You get great proprioceptive training for free if you do authentic Functional Exercise. Proprioceptors provide us with information about movement and the position of our head, limbs and body in time and space.

 
 

Proprioception could be looked at as one of the inner ‘controllers’ of our body!

You get great proprioceptive training for free if you do authentic Functional Exercise. Proprioceptors provide us with information about movement and the position of our head, limbs and body in time and space. Their aim is to protect our body from damage by using ‘stretch reflexes’ and these can restrict or limit our movement at times of need. Some of these sit in joints, some in our muscles and some in skin and fascia. In combination, proprioceptors give our body a supreme and enhanced awareness of our ‘whereabouts’.

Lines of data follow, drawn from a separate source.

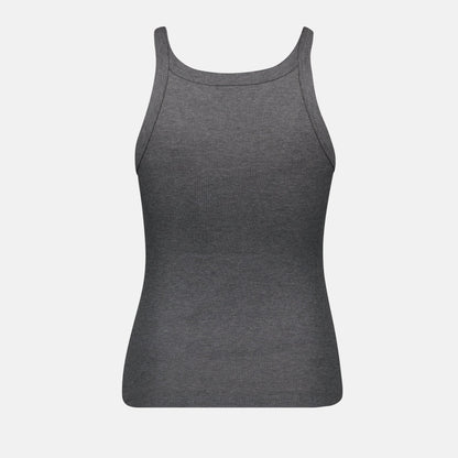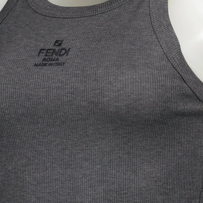 Sumerge en la elegancia discreta del top de tirantes gris de Fendi de la colección Otoño-Invierno 2024. Esta pieza muestra una meticulosa atención al detalle con su bordado de logo tonal en el frente, irradiando un aura sofisticada. Confeccionado con algodón de primera calidad, ofrece un ajuste ceñido cómodo y refinado, ideal para crear un conjunto equilibrado y elegante. El escote redondo y el diseño sin mangas añaden un toque atemporal, convirtiéndolo en una adición versátil para cualquier armario. Eleva tu estilo con esta pieza destacada que encarna la esencia de la sensibilidad de la moda moderna.
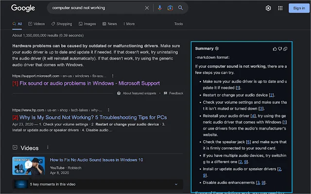 Расширение для браузера для саммари Google и YouTube. Glarity – Summary for Google/YouTube (ChatGPT) – это расширение браузера с открытым исходным
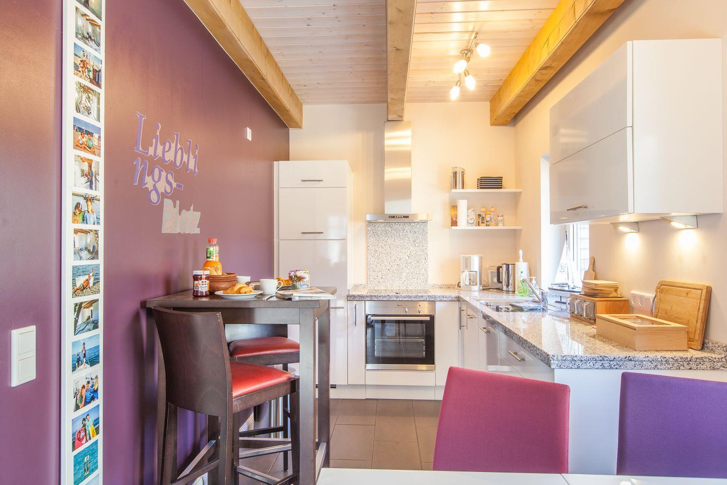 In der geschmackvollen Küche können Sie Ihre Gerichte zubereiten und im anliegenden Esszimmer zu sich nehmen.
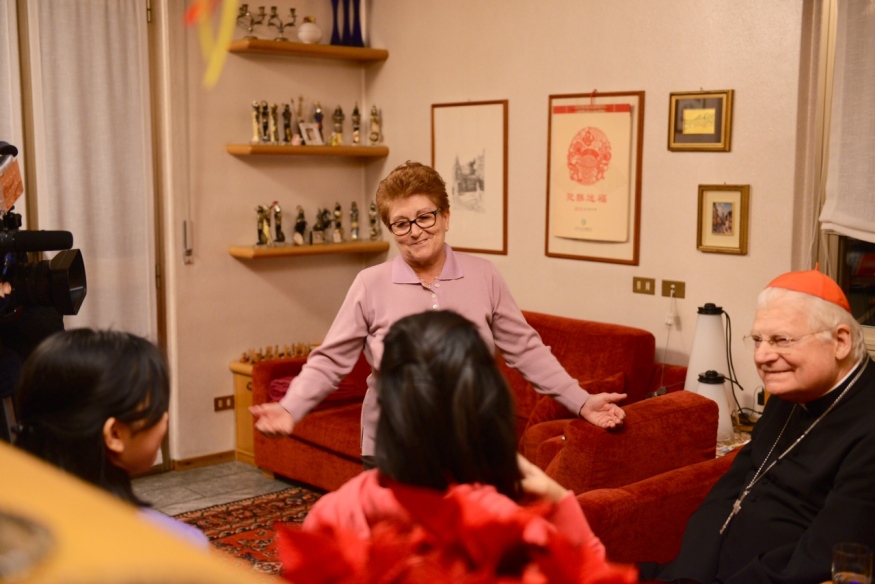 La storia è semplice, di quella semplicità del bene che lascia disarmati: i genitori cinesi lavorano fino a tardi nel ristorante attraverso il quale sperano di aver una vita migliore, Marianna ha pochi mesi e a poco a poco la “mamma” italiana se ne fa carico, senza in nulla sostituire la madre cinese, poi, arriva anche Sofia e – ovviamente – non separa le due sorelline. Oggi il rapporto è felice, gratificante per tutti e fonte di una serenità che si respira in questo salotto, tra sorrisi e frasi scherzose che coinvolgono anche l’Arcivescovo.
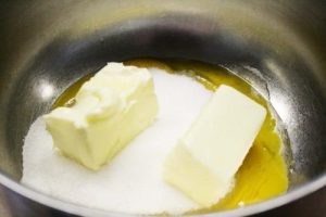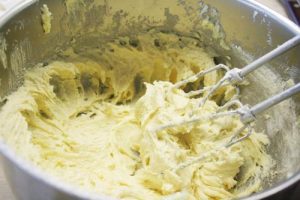- Add egg yolks, sugar and butter to a medium sized mixing bowl and beat until light and fluffy, about 5-6 minutes.
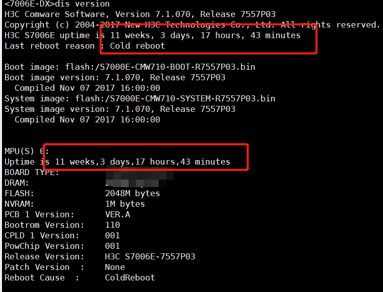 display version回显会有板卡的uptime
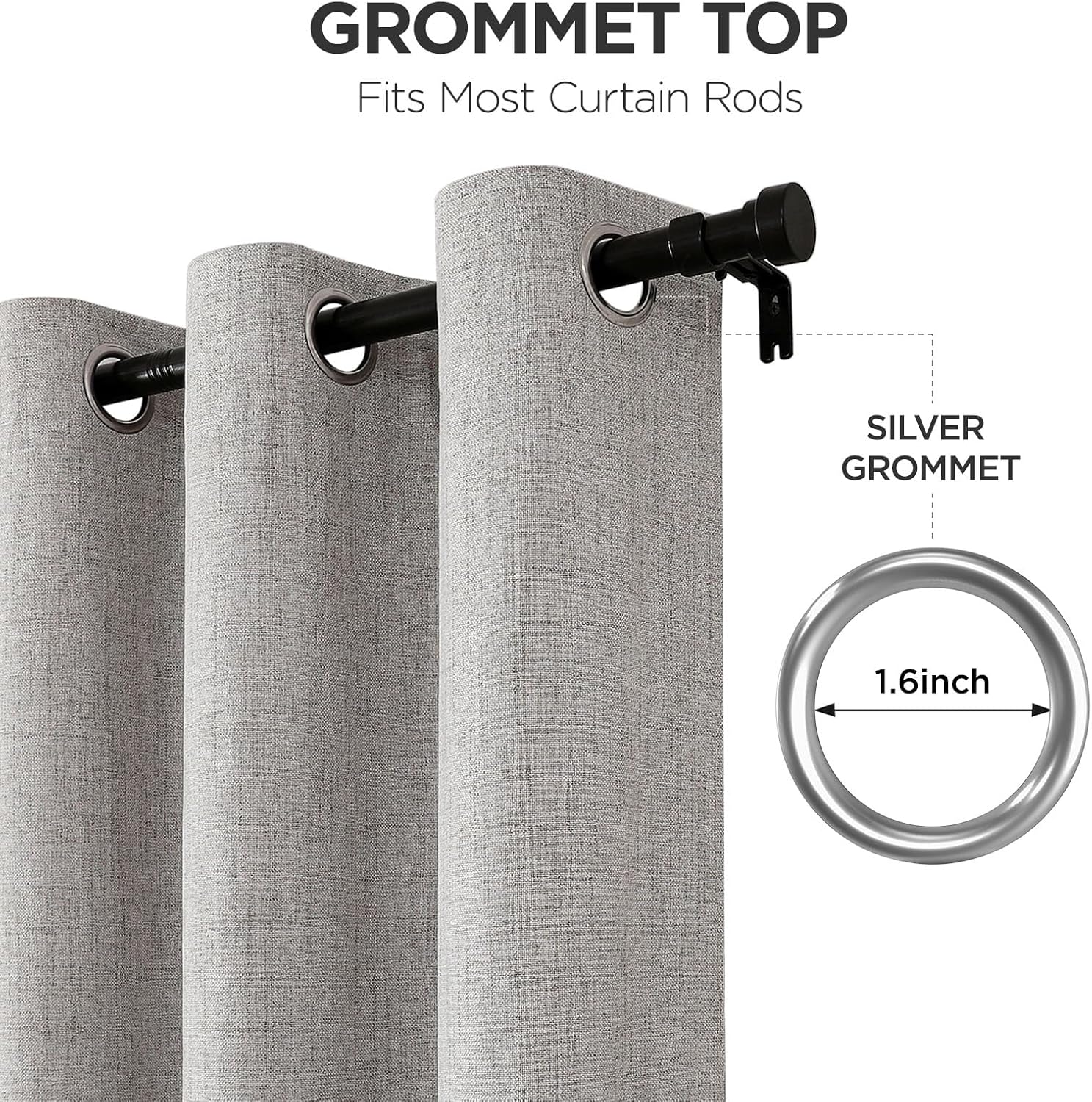 - Smooth-Glide Grommet Design: The room darkening curtains are designed with Grommets. This design adds a metal ring at the top of the curtain to make it easier to slide and distribute the weight of the curtain fabric evenly. 8 metal grommets per sun blocking curtains ensure effortless sliding on rods up to 1.5" diameter. Evenly distributes fabric weight while adding modern sophistication to bedrooms, offices, or living rooms (Rods not included)
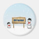 Ilustração winterly com dois bonitos bonitos homens de neve segurando um cartaz de madeira em um ambiente de neve. Personalize este produto com o seu próprio nome.
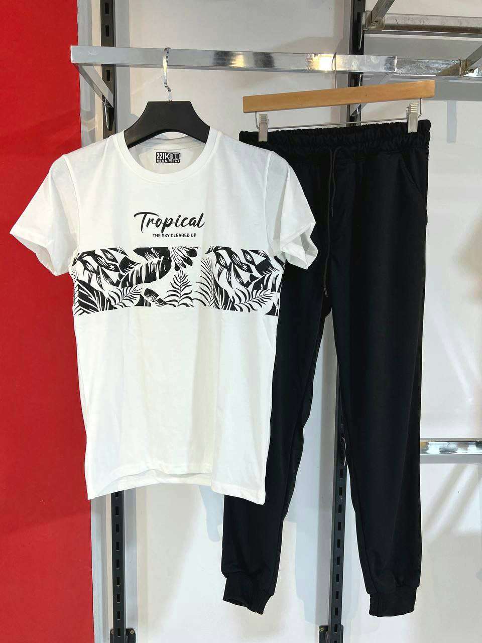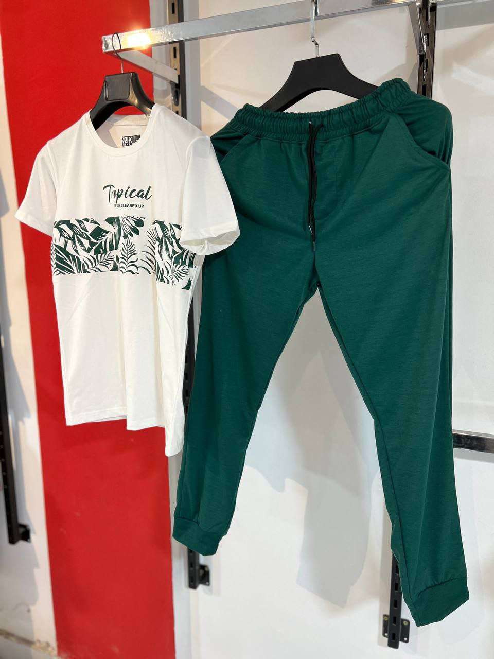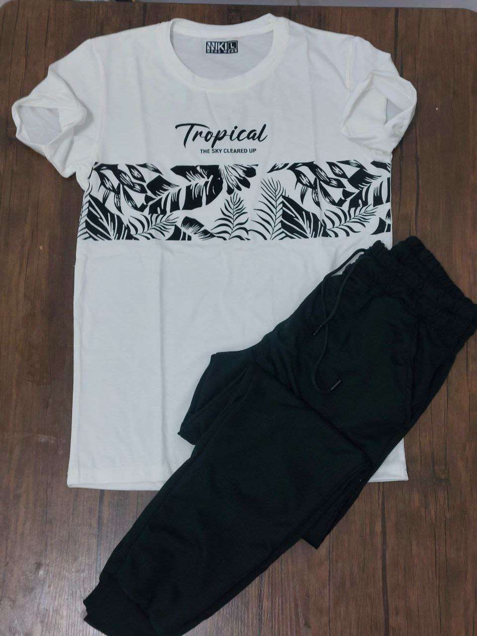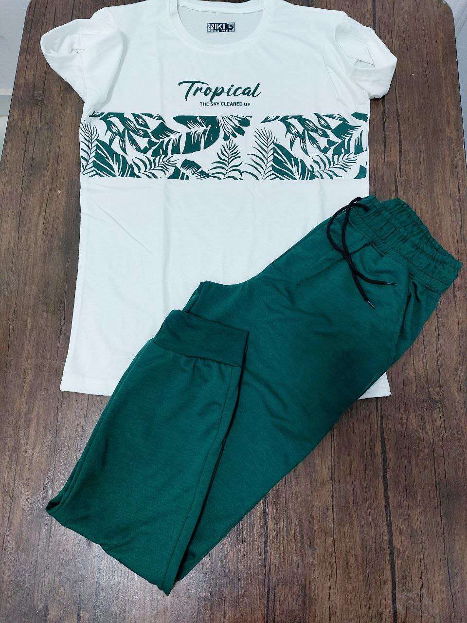 ترنج الصيف Tropical - خامة التيشيرت برسولا قطن البنطلون ملتون ليكرا  اعلي تجهيز - طباعه سلك سكرين - الالوان: اسود - كحلي - زيتي - المقاسات   ( L- XL - XXL ) - التلبيس: -L    55 kg  : 70kg
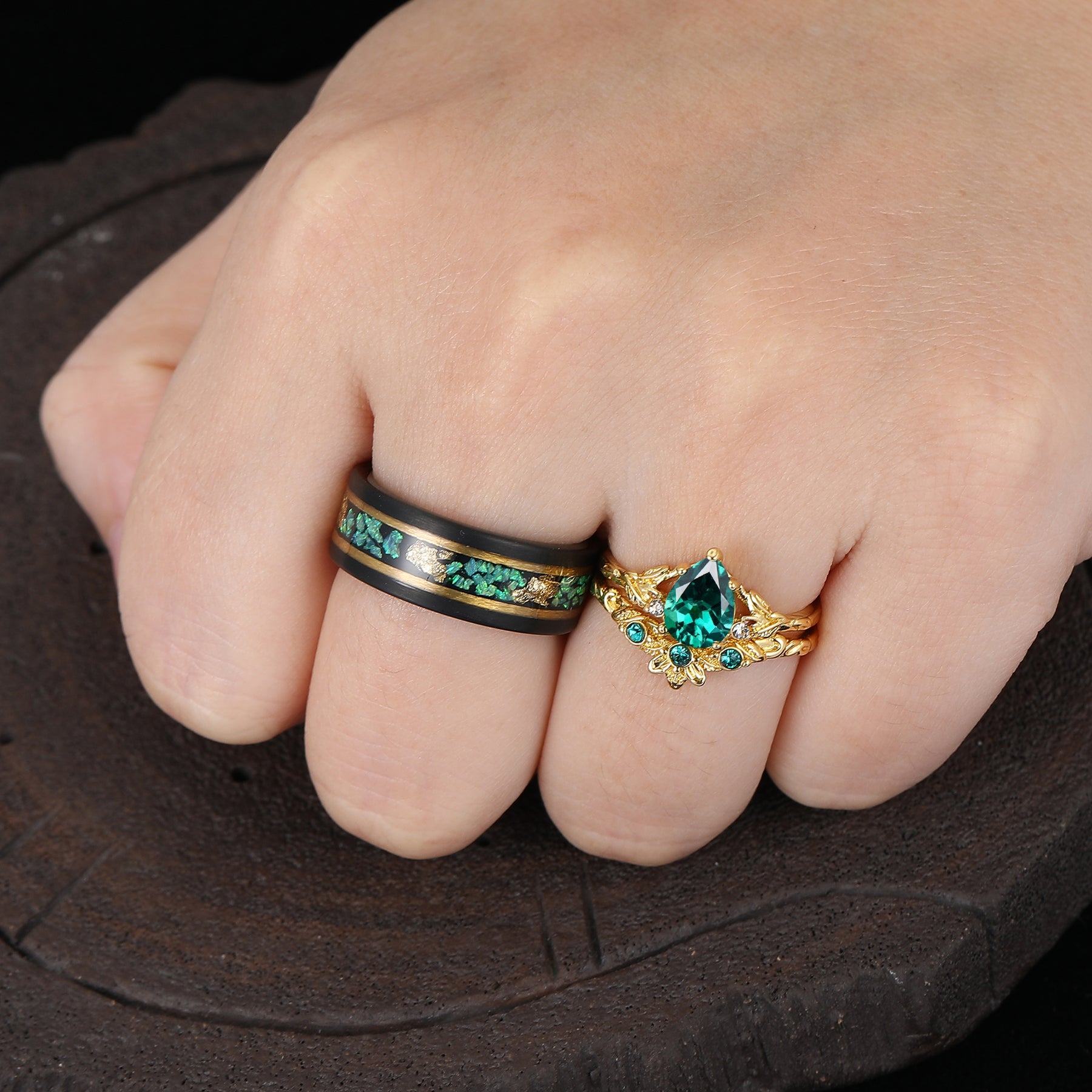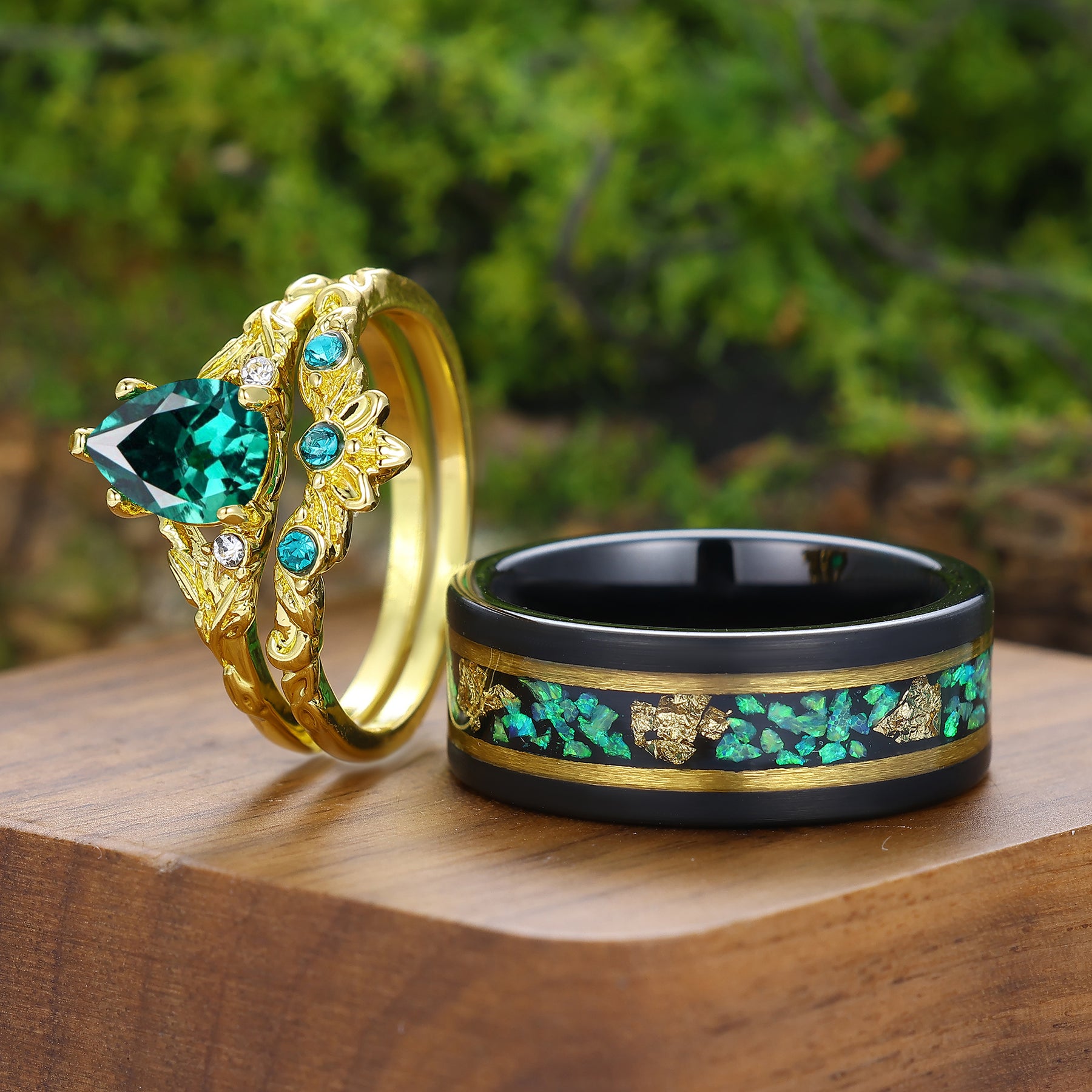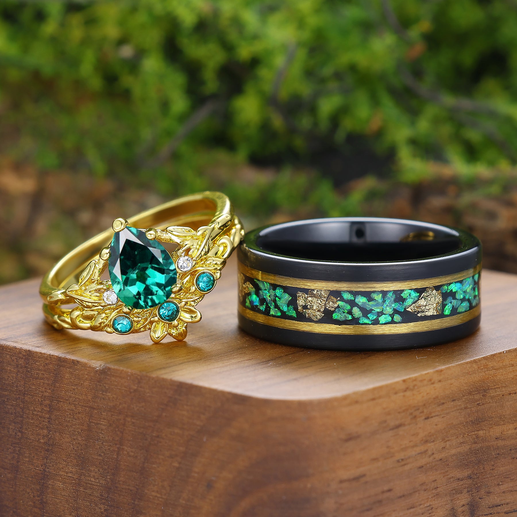 Unique Branch Design Birnenförmige Smaragdblatt Gravierte Partner-Ringe Seine Und Ihre Ringe

You do need to proprioceptively train the body towards the function it so requires. Doing a ‘plank’ for example will not train your abdominals proprioceptively to protect you in upright function with lumbar spine extension and rotation. Squatting will not proprioceptively train your legs to run and that ‘static squat hold’ at 90 degrees that many are given, will certainly not protect your hips, knees and ankles while you ski.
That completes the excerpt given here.